### What is required
Would you reproduce the entries exactly, including every line?

(Excerpts from a dataset)
-----

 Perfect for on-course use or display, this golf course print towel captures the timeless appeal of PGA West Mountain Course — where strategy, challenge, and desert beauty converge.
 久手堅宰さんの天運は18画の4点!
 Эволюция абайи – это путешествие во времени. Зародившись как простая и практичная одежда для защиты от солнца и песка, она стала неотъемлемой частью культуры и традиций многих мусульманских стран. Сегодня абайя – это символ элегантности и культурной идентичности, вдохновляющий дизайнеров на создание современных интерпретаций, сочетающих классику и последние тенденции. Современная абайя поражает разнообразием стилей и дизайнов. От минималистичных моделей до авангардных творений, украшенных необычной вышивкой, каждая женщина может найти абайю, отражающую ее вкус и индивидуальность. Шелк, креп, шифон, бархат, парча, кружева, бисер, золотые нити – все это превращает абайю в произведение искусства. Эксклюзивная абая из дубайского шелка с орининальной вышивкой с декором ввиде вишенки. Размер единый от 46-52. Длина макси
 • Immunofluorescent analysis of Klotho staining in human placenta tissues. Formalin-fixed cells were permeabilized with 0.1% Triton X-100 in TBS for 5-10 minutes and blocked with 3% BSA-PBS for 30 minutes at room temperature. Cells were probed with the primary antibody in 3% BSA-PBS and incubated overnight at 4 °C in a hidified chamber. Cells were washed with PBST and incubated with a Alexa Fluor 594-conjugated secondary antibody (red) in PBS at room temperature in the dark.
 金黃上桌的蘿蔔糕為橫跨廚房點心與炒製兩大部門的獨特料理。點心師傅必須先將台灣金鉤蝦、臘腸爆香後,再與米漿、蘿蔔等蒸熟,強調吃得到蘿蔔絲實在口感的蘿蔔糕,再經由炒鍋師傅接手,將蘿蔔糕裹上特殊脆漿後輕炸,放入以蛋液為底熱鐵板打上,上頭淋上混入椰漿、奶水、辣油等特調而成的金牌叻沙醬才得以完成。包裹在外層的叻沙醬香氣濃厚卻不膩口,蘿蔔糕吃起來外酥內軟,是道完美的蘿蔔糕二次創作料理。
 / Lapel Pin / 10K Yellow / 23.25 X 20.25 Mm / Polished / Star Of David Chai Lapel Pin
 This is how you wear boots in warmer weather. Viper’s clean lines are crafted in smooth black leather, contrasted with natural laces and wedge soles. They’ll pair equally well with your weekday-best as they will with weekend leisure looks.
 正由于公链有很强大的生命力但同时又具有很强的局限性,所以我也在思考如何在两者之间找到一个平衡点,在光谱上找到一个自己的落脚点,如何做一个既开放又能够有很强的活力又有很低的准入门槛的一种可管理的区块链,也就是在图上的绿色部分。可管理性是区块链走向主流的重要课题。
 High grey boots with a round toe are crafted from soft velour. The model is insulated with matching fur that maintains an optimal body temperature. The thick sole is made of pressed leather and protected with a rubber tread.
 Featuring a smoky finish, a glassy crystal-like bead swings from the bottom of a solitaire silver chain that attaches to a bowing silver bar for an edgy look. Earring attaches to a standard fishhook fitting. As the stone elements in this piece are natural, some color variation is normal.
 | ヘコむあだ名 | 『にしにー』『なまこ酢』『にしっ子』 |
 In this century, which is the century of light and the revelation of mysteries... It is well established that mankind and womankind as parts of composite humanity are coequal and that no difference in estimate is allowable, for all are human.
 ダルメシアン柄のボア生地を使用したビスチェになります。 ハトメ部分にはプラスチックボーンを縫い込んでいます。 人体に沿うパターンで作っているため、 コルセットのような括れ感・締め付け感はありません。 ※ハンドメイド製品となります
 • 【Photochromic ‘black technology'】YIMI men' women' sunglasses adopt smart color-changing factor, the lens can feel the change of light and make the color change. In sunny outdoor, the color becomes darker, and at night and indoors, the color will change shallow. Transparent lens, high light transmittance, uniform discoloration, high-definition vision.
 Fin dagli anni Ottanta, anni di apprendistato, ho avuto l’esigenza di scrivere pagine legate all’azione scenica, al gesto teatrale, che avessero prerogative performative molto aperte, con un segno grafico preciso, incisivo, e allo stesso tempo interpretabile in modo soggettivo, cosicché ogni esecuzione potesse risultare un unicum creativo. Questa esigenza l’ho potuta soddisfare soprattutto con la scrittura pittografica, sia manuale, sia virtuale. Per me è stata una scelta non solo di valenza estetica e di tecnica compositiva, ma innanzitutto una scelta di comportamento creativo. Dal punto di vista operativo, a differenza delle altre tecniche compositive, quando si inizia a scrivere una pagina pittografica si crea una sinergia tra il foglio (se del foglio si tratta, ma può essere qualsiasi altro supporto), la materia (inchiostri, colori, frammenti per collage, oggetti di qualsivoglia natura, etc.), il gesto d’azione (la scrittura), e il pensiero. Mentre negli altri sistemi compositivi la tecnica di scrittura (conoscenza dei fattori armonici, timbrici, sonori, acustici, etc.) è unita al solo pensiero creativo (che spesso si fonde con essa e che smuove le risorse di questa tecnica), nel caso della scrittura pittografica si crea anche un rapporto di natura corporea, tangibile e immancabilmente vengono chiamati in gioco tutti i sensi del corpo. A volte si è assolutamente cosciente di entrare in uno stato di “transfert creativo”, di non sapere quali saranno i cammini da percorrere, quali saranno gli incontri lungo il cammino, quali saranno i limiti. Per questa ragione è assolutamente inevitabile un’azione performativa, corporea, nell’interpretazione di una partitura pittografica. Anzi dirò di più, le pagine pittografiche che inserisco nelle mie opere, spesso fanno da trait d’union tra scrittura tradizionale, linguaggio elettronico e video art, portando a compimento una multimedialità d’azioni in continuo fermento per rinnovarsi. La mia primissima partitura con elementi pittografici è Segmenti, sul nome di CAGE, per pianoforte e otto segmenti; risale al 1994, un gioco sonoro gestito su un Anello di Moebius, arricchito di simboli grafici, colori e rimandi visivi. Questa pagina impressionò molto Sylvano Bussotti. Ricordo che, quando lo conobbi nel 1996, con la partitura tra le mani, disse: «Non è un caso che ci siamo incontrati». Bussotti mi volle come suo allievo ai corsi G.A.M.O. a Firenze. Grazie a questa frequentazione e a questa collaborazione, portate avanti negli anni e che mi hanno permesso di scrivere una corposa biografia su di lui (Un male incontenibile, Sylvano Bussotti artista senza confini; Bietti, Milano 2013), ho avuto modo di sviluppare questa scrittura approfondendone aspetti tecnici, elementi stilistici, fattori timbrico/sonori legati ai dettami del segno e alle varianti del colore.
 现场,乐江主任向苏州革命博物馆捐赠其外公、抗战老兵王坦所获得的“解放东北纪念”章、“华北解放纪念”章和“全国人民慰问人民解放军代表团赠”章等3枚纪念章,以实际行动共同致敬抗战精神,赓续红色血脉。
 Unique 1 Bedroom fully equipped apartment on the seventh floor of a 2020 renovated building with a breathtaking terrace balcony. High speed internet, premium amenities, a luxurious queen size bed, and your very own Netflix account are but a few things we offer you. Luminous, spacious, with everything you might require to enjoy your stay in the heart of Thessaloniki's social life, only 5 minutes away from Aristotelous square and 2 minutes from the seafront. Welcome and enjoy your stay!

-----

### Result of this task
 Perfect for on-course use or display, this golf course print towel captures the timeless appeal of PGA West Mountain Course — where strategy, challenge, and desert beauty converge.
 久手堅宰さんの天運は18画の4点!
 Эволюция абайи – это путешествие во времени. Зародившись как простая и практичная одежда для защиты от солнца и песка, она стала неотъемлемой частью культуры и традиций многих мусульманских стран. Сегодня абайя – это символ элегантности и культурной идентичности, вдохновляющий дизайнеров на создание современных интерпретаций, сочетающих классику и последние тенденции. Современная абайя поражает разнообразием стилей и дизайнов. От минималистичных моделей до авангардных творений, украшенных необычной вышивкой, каждая женщина может найти абайю, отражающую ее вкус и индивидуальность. Шелк, креп, шифон, бархат, парча, кружева, бисер, золотые нити – все это превращает абайю в произведение искусства. Эксклюзивная абая из дубайского шелка с орининальной вышивкой с декором ввиде вишенки. Размер единый от 46-52. Длина макси
 • Immunofluorescent analysis of Klotho staining in human placenta tissues. Formalin-fixed cells were permeabilized with 0.1% Triton X-100 in TBS for 5-10 minutes and blocked with 3% BSA-PBS for 30 minutes at room temperature. Cells were probed with the primary antibody in 3% BSA-PBS and incubated overnight at 4 °C in a hidified chamber. Cells were washed with PBST and incubated with a Alexa Fluor 594-conjugated secondary antibody (red) in PBS at room temperature in the dark.
 金黃上桌的蘿蔔糕為橫跨廚房點心與炒製兩大部門的獨特料理。點心師傅必須先將台灣金鉤蝦、臘腸爆香後,再與米漿、蘿蔔等蒸熟,強調吃得到蘿蔔絲實在口感的蘿蔔糕,再經由炒鍋師傅接手,將蘿蔔糕裹上特殊脆漿後輕炸,放入以蛋液為底熱鐵板打上,上頭淋上混入椰漿、奶水、辣油等特調而成的金牌叻沙醬才得以完成。包裹在外層的叻沙醬香氣濃厚卻不膩口,蘿蔔糕吃起來外酥內軟,是道完美的蘿蔔糕二次創作料理。
 / Lapel Pin / 10K Yellow / 23.25 X 20.25 Mm / Polished / Star Of David Chai Lapel Pin
 This is how you wear boots in warmer weather. Viper’s clean lines are crafted in smooth black leather, contrasted with natural laces and wedge soles. They’ll pair equally well with your weekday-best as they will with weekend leisure looks.
 正由于公链有很强大的生命力但同时又具有很强的局限性,所以我也在思考如何在两者之间找到一个平衡点,在光谱上找到一个自己的落脚点,如何做一个既开放又能够有很强的活力又有很低的准入门槛的一种可管理的区块链,也就是在图上的绿色部分。可管理性是区块链走向主流的重要课题。
 High grey boots with a round toe are crafted from soft velour. The model is insulated with matching fur that maintains an optimal body temperature. The thick sole is made of pressed leather and protected with a rubber tread.
 Featuring a smoky finish, a glassy crystal-like bead swings from the bottom of a solitaire silver chain that attaches to a bowing silver bar for an edgy look. Earring attaches to a standard fishhook fitting. As the stone elements in this piece are natural, some color variation is normal.
 | ヘコむあだ名 | 『にしにー』『なまこ酢』『にしっ子』 |
 In this century, which is the century of light and the revelation of mysteries... It is well established that mankind and womankind as parts of composite humanity are coequal and that no difference in estimate is allowable, for all are human.
 ダルメシアン柄のボア生地を使用したビスチェになります。 ハトメ部分にはプラスチックボーンを縫い込んでいます。 人体に沿うパターンで作っているため、 コルセットのような括れ感・締め付け感はありません。 ※ハンドメイド製品となります
 • 【Photochromic ‘black technology'】YIMI men' women' sunglasses adopt smart color-changing factor, the lens can feel the change of light and make the color change. In sunny outdoor, the color becomes darker, and at night and indoors, the color will change shallow. Transparent lens, high light transmittance, uniform discoloration, high-definition vision.
 Fin dagli anni Ottanta, anni di apprendistato, ho avuto l’esigenza di scrivere pagine legate all’azione scenica, al gesto teatrale, che avessero prerogative performative molto aperte, con un segno grafico preciso, incisivo, e allo stesso tempo interpretabile in modo soggettivo, cosicché ogni esecuzione potesse risultare un unicum creativo. Questa esigenza l’ho potuta soddisfare soprattutto con la scrittura pittografica, sia manuale, sia virtuale. Per me è stata una scelta non solo di valenza estetica e di tecnica compositiva, ma innanzitutto una scelta di comportamento creativo. Dal punto di vista operativo, a differenza delle altre tecniche compositive, quando si inizia a scrivere una pagina pittografica si crea una sinergia tra il foglio (se del foglio si tratta, ma può essere qualsiasi altro supporto), la materia (inchiostri, colori, frammenti per collage, oggetti di qualsivoglia natura, etc.), il gesto d’azione (la scrittura), e il pensiero. Mentre negli altri sistemi compositivi la tecnica di scrittura (conoscenza dei fattori armonici, timbrici, sonori, acustici, etc.) è unita al solo pensiero creativo (che spesso si fonde con essa e che smuove le risorse di questa tecnica), nel caso della scrittura pittografica si crea anche un rapporto di natura corporea, tangibile e immancabilmente vengono chiamati in gioco tutti i sensi del corpo. A volte si è assolutamente cosciente di entrare in uno stato di “transfert creativo”, di non sapere quali saranno i cammini da percorrere, quali saranno gli incontri lungo il cammino, quali saranno i limiti. Per questa ragione è assolutamente inevitabile un’azione performativa, corporea, nell’interpretazione di una partitura pittografica. Anzi dirò di più, le pagine pittografiche che inserisco nelle mie opere, spesso fanno da trait d’union tra scrittura tradizionale, linguaggio elettronico e video art, portando a compimento una multimedialità d’azioni in continuo fermento per rinnovarsi. La mia primissima partitura con elementi pittografici è Segmenti, sul nome di CAGE, per pianoforte e otto segmenti; risale al 1994, un gioco sonoro gestito su un Anello di Moebius, arricchito di simboli grafici, colori e rimandi visivi. Questa pagina impressionò molto Sylvano Bussotti. Ricordo che, quando lo conobbi nel 1996, con la partitura tra le mani, disse: «Non è un caso che ci siamo incontrati». Bussotti mi volle come suo allievo ai corsi G.A.M.O. a Firenze. Grazie a questa frequentazione e a questa collaborazione, portate avanti negli anni e che mi hanno permesso di scrivere una corposa biografia su di lui (Un male incontenibile, Sylvano Bussotti artista senza confini; Bietti, Milano 2013), ho avuto modo di sviluppare questa scrittura approfondendone aspetti tecnici, elementi stilistici, fattori timbrico/sonori legati ai dettami del segno e alle varianti del colore.
 现场,乐江主任向苏州革命博物馆捐赠其外公、抗战老兵王坦所获得的“解放东北纪念”章、“华北解放纪念”章和“全国人民慰问人民解放军代表团赠”章等3枚纪念章,以实际行动共同致敬抗战精神,赓续红色血脉。
 Unique 1 Bedroom fully equipped apartment on the seventh floor of a 2020 renovated building with a breathtaking terrace balcony. High speed internet, premium amenities, a luxurious queen size bed, and your very own Netflix account are but a few things we offer you. Luminous, spacious, with everything you might require to enjoy your stay in the heart of Thessaloniki's social life, only 5 minutes away from Aristotelous square and 2 minutes from the seafront. Welcome and enjoy your stay!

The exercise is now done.